WHAT YOU WILL DO
Once the images are set aside, output the listing exactly as it stands.

DATASET EXTRACT

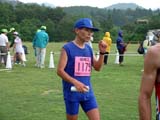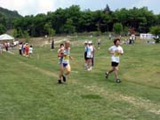 疲労を残したのか、2周目を過ぎた時点でかなりのスピードダウン。 4周目の半分を過ぎたころから空が暗くなり、雨が落ち始めた。スタート時は薄日が差すほどの 天気だったため、着替え等の荷物はすべて芝生の上に置きっぱなしである。こりゃいかんと 必死でペースを上げ(あまり上がらなかったが)、ゴール後すぐに荷物を抱えてテントの下に 飛び込んだ。数分後、桜井選手もゴール。
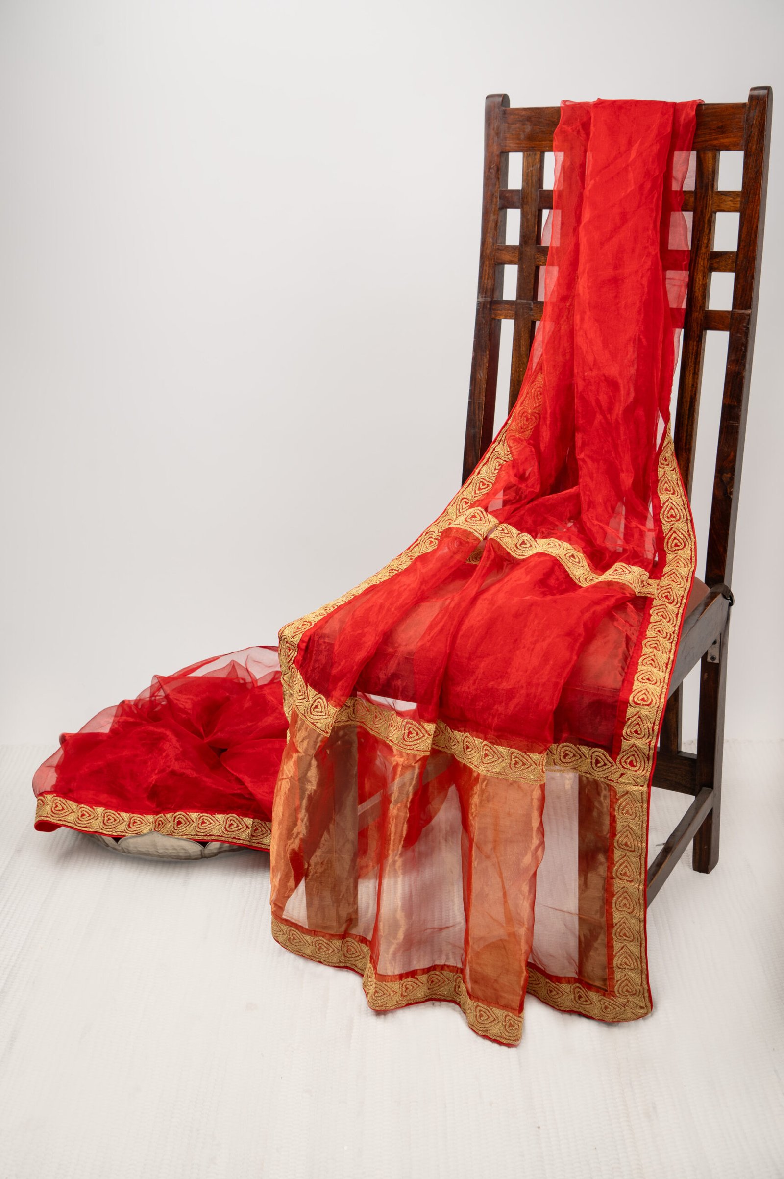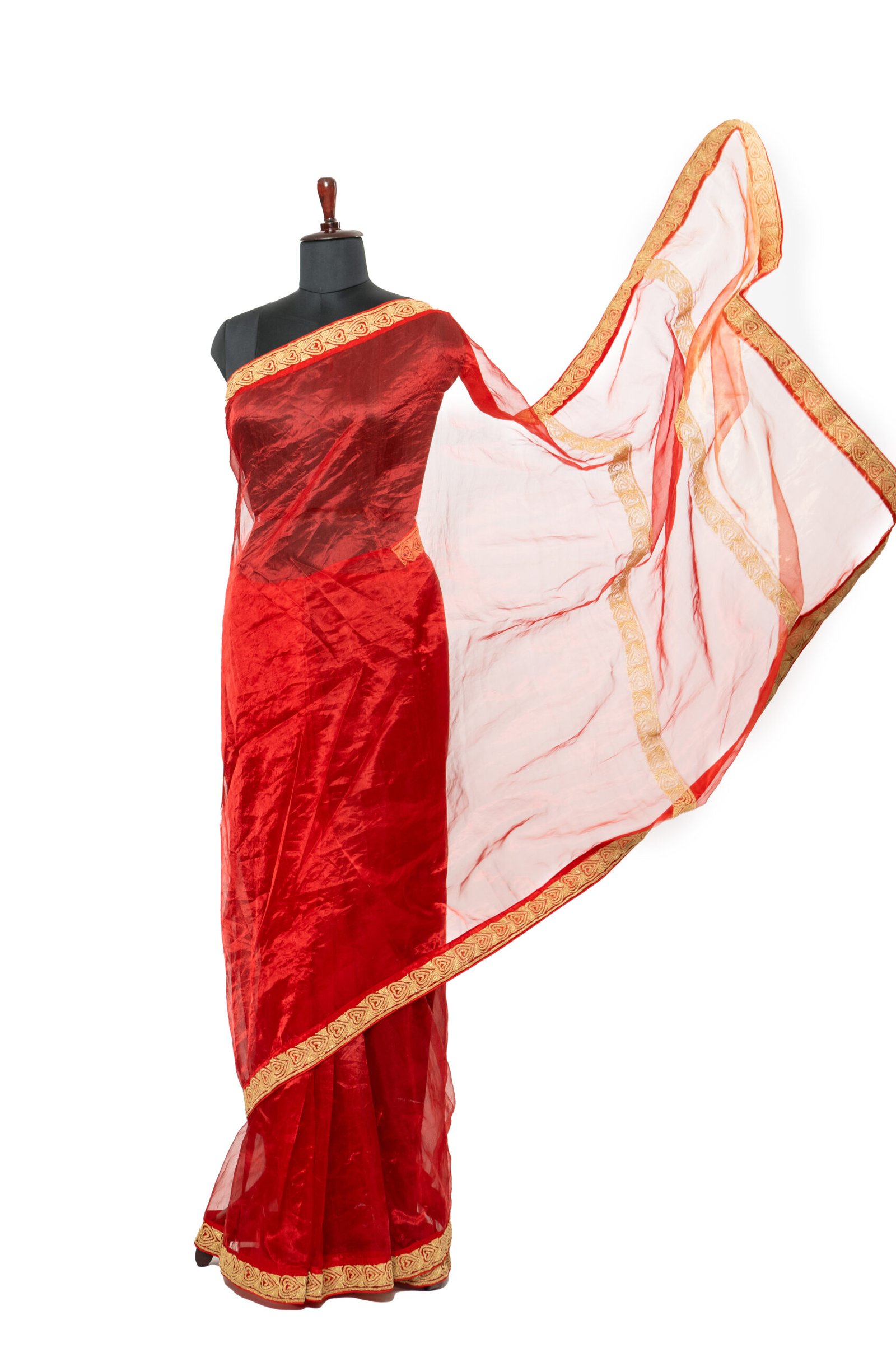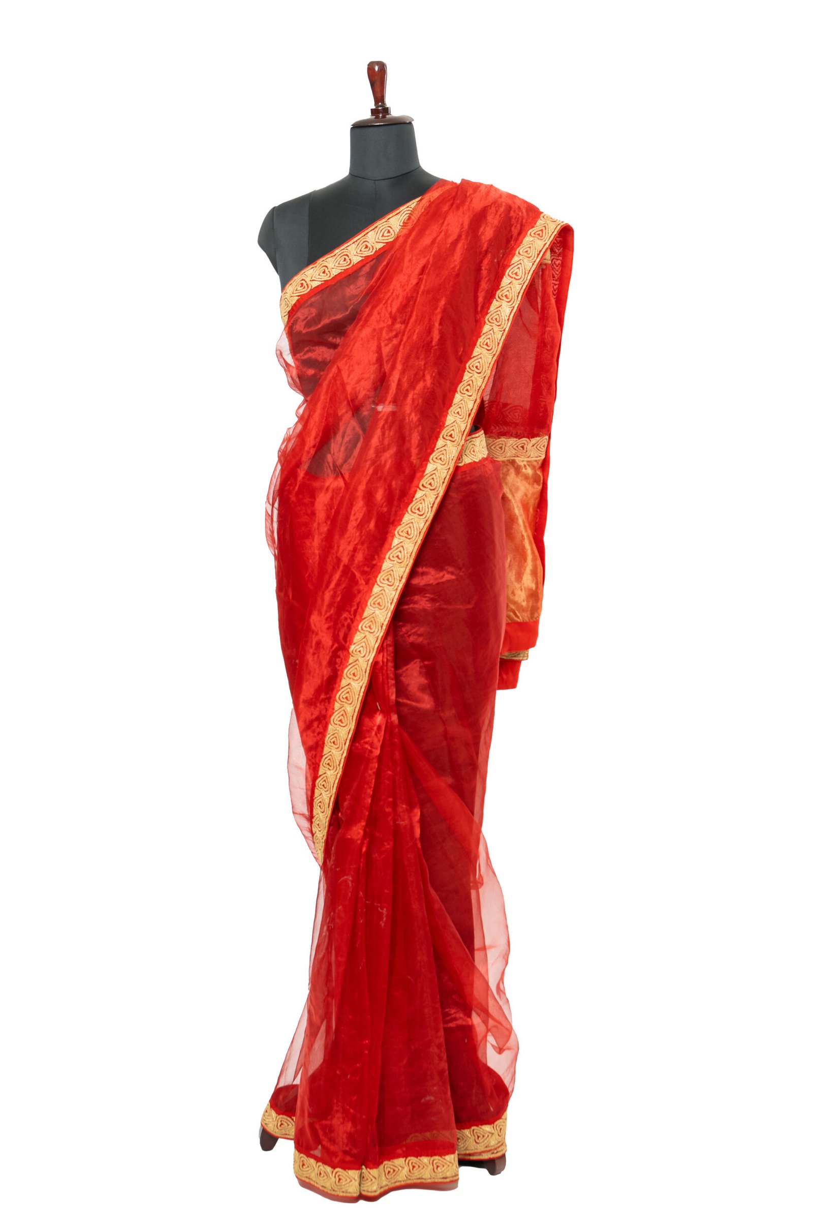 Pure tissue saree with delicate tilla embroidery available with Unstitched crepe blouse.
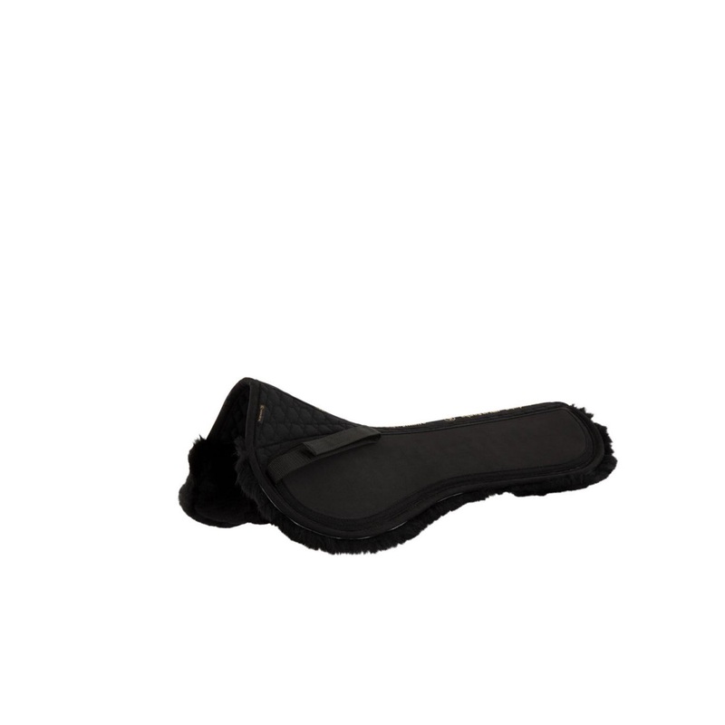 This anatomically shaped half pad in quilted polycotton is lined on the bottom with medically tanned sheepskin, with a channel down the spine to provide additional clearance. On top, the half pad features shock absorbing neoprene gel pads. Thanks to the an

OUTPUT
 疲労を残したのか、2周目を過ぎた時点でかなりのスピードダウン。 4周目の半分を過ぎたころから空が暗くなり、雨が落ち始めた。スタート時は薄日が差すほどの 天気だったため、着替え等の荷物はすべて芝生の上に置きっぱなしである。こりゃいかんと 必死でペースを上げ(あまり上がらなかったが)、ゴール後すぐに荷物を抱えてテントの下に 飛び込んだ。数分後、桜井選手もゴール。
 Pure tissue saree with delicate tilla embroidery available with Unstitched crepe blouse.
 This anatomically shaped half pad in quilted polycotton is lined on the bottom with medically tanned sheepskin, with a channel down the spine to provide additional clearance. On top, the half pad features shock absorbing neoprene gel pads. Thanks to the an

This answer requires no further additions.